MATERIALS AND METHODS

Study subjects

Colorectal adenoma patients (n = 150) were recruited from King Abdulla University Hospital (Ramtha, Jordan) during the period between January 2016 and February 2017. To select these patients, the biopsy samples from 400 subjects who visited the Endoscopy Unit at King Abdullah University Hospital were examined by a pathologist. Subjects (n = 150) who were confirmed pathologically to have tubular adenoma, villous adenoma, or tubulovillious adenoma were investigated in the study. Inclusion criteria include the number of polyps and the patient's previous treatment status. Patients with more than 10 polyps and without any surgical removal of polyps were enrolled in this study. However, those with a previous history of irritable bowel syndrome or Crohn’s disease were excluded. Clinical data were collected from patient's history files. The study was approved in advance by the Institution Review Board at King Abdullah University Hospital and Jordan University of Science and Technology (Ramtha, Jordan). Informed written consents were obtained from all participants. Besides, 150 cancer-free individuals with no previous family history of polyps were recruited as controls. A structured questionnaire interview was established to collect data on the characteristics of the study participants.

Sample collection and handling

One blood sample was collected from each participant. Five milliliters of whole blood was collected in EDTA tubes. Samples were transported on ice to the DNA extraction laboratory at Princess Haya Biotechnology Center (Ramtha, Jordan) and either processed immediately or stored at 4 C and extracted the next day.

Genomic DNA extraction

DNA was extracted from whole blood samples using Qiagen® genomic DNA purification kit (Qiagen, USA) according to the manufacturer’s instructions. The concentration of DNA was determined using Nano Drop 2000 (Thermo Scientific, USA). To check the quality of extracted DNAs, two microliters from each extracted DNA sample was subjected to agarose gel electrophoresis. Extracted DNA samples were stored at -80 C.

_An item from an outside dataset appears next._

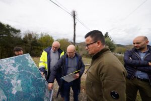 Creciente (Pontevedra), 16 de marzo de 2023.- El conselleiro del Medio Rural, José González, acompañado de la directora general de la Agencia Gallega de Desarrollo Rural, Inés Santé, y del alcalde de Crecente, Julio César García-Luengo, mantuvo hoy un encuentro informativo con los vecinos que se verán beneficiados por el nuevo polígono agroforestal de Mandelos, en este municipio pontevedrés, para abordar las características y posibilidades que ofrece este instrumento de movilización de tierras. Seguidamente, se desplazó hasta la zona para supervisar los trabajos de desbroce y puesta a punto, también en compañía del delegado territorial de la Xunta en Pontevedra, Luis López.

Polymerase chain reaction (PCR) procedure

All exons of MUTYH gene were amplified using PCR. The primers were designed using Primer3 Plus (http://www.bioinformatics.nl/cgi-bin/primer3plus/ primer3plus.cgi/). Eight amplicons were designed comprising the whole coding regions of MUTYH gene as well as the 5’ untranslated region and exon-intron boundaries (Fig. 1). Amplification of the target sequences was performed using conventional PCR (VeritiTM Thermal Cycler from Applied Bioscience). PCR was carried out in a reaction volume of 25 L containing 12.5 L commercial 2 Master Mix (2.5 U Taq of DNA polymerase, 3 mM of MgCl2, and 0.5 mM of dNTPs), and buffer (100 mM of KCl, 20 mM of Tris HCl [pH8.3]), as well as 2L of each forward and reverse primer (10µM), 6.5 µl of nuclease-free water, and 2-3 µl of sample DNA. The list of primers and sequences for each amplicon are shown in Table 1.

Fig. 1

Schematic representation of the designed MUTYH amplicons. MUTYH 5′untranslated region, 16 exons, and exons-intron boundaries were amplified in eight amplicons

Table 1

Primer sequences for MUTYH amplicons

Amp licon	Reverse primer	Forward primer	Size (bp)
1	ctttggatcacaacgctcaa	aggagacggaccgcaagt	410
2	gccaagagtaaacccgtgag	cttgggccacaacctagttc	300
3	catactgccacaggctgct	ggtctgacccatgacccttc	590
4	tggctatagaagtggcctaca	accccaacatcctaccagag	593
5	gcagtgttcccttcttttagg	cacgcccagtatccaggta	690
6	agggaatcggcagctgag	aaggaagtacaacaaagacaacaaa	459
7	acaaaagtactgggacatgaagtt	cctggagtggagaatgttca	239
8	gctctacagcattccaggcta	aatcacttgaggccagaatca	410

Gel electrophoresis

Five microliters from each PCR product was loaded on 2% agarose gel. The electrophoresis was run at 140 volts for 40 minutes. The running Tris/Borate/EDTA buffer was diluted to 1, and the bands were then detected under a UV light in Gel DocTM XR system (BioRad, USA) using Red Safe stain (iNtRON). Images were processed and analyzed by Quantity One 4.6.9 software.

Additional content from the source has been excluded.